Автор книги: Матвей Тевелев



сообщить о нарушении

Текущая страница: 6 (всего у книги 30 страниц)

10

Однажды среди зимы (я уже учился тогда в шестом классе) от Горули пришли письмо и посылка.

«Иванку, хлопчику! – писал Горуля. – Хвала богу, жизнь моя пошла лучше. Приехали до нас якись ученые люди из самой Братиславы, и я их водил в горы на охоту. А как увидели они, что я добрый охотник, так и взяли меня на службу. Хожу по горам, бью зверя, а старичок тут один делает из них чучела и отправляет в Братиславу. Пригляделся я до старика, как он работает, и скоро сам научился чучела набивать. Теперь я уже и тебе побольше помочь смогу. Ты только учись, хлопчику. Как я подсчитал, тебе еще два года осталось. Ох, и давно я не видел тебя!.. Может, как увижу, так и не узнаю. Посылаю тебе штаны, куртку, башмаки, только боюсь вот, что не по росту они тебе будут. Я ведь тебя все малым помню. И еще посылаю тебе кое-что, да ты уж сам увидишь… А наибольшую радость я приберег для конца, Иванку. Может, Гафия успела тебя о ней предупредить. Могу я возвращаться домой, в Студеницу. Овсак помер. Люди кажут, что то не господь бог убрал его с земли, а Матлах. Хотел Матлах скупить овсаковскую землю, да Овсак отказывался продавать. Грызлись они между собой, как и псы не грызутся, ну и подставил Матлах другу своему чарочку древесного спирта. Род Овсаков кончился, а землю уряд продал, и купил ее Матлах.

Хочется в Студеницу, Иванку, домой, да ехать повременю. Нужно мне еще с год походить здесь в охотниках, может удастся немного грошей отложить: нужда большая, сам знаешь…»

Я с радостью прочел принесшее сразу много хороших известий письмо и принялся за посылку.

Куртка оказалась тесноватой, а башмаки чересчур просторными, но я был им несказанно рад, потому что зима стояла холодная, а одежда моя изрядно пообносилась, да и, кроме того, это была первая в моей жизни новая, а не перешитая из старья одежда.

Я искал в посылке еще и другое, на что намекал Горуля, и, сунув руку в боковой карман куртки, нащупал тонкую книжечку. На обложке название: «Правда о Советской России».

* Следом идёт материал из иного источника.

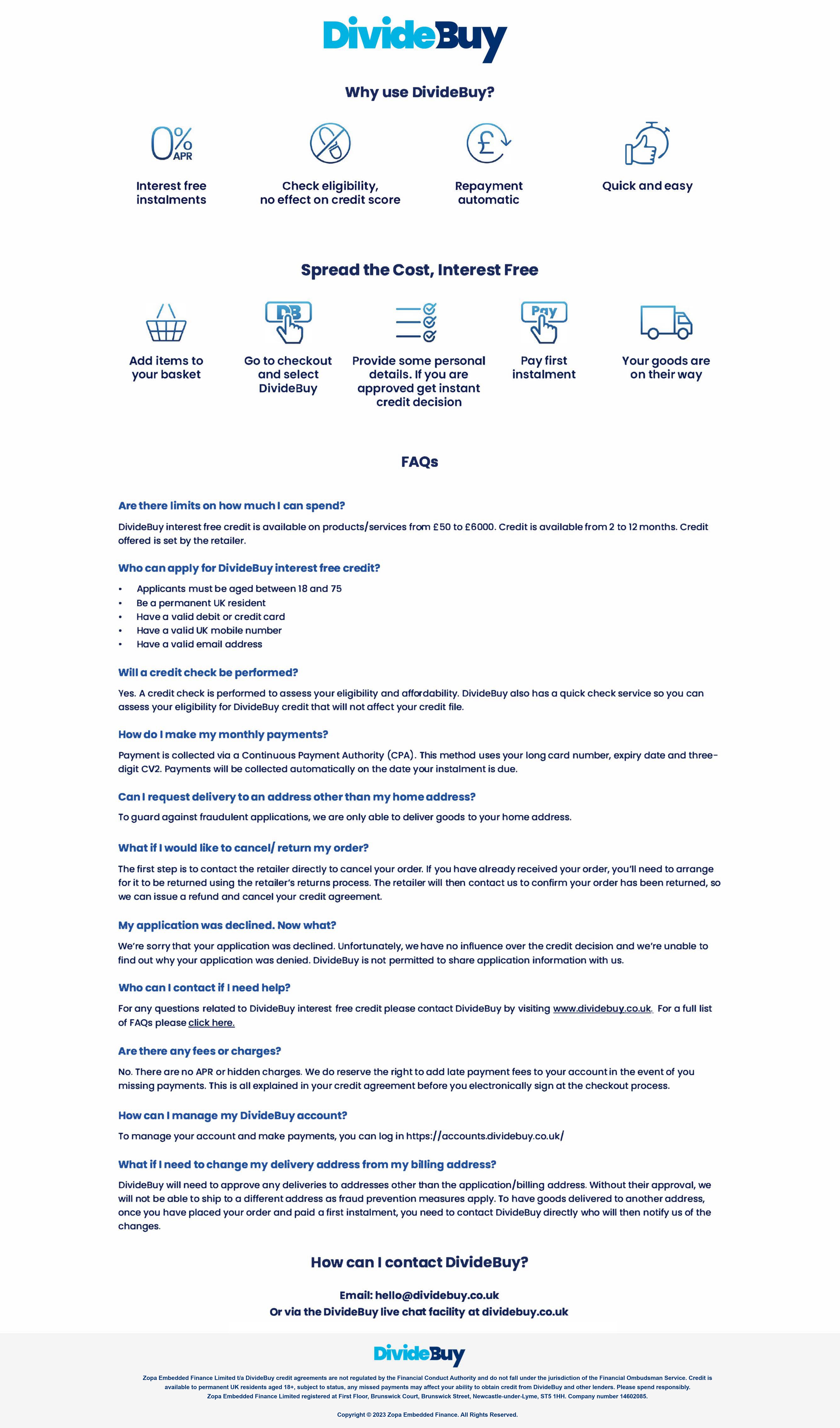 Interest free credit agreements provided by Zopa Embedded Finance Limited trading as DivideBuy are not regulated by the Financial Conduct Authority and do not fall under the jurisdiction of the Financial Ombudsman Service.

Была эта брошюра напечатана где-то в Праге убористым шрифтом и, судя по захватанным краям страничек, читана и перечитана не одним десятком людей.

Я не показал ее даже Ладиславу Стреге, на адрес которого продолжал мне писать Горуля, спрятал и помчался в интернат.

О новой, Советской России в ту пору лгали у нас везде: в газетах, в гимназиях, в церковных проповедях. Ложь туманила людям головы, сбивала с толку, но сердце, привыкшее верить в Россию, противилось лжи, хотя тысячи препятствий не подпускали к нему подлинной правды.

По дороге в интернат я несколько раз сдерживал искушение вытащить из кармана брошюру и прочитать ее, но нужно было быть осторожным: политическая, даже легальная, литература для нас, учащихся, была под строгим запретом, а замеченному в нарушении этого запрета грозило изгнание из гимназии.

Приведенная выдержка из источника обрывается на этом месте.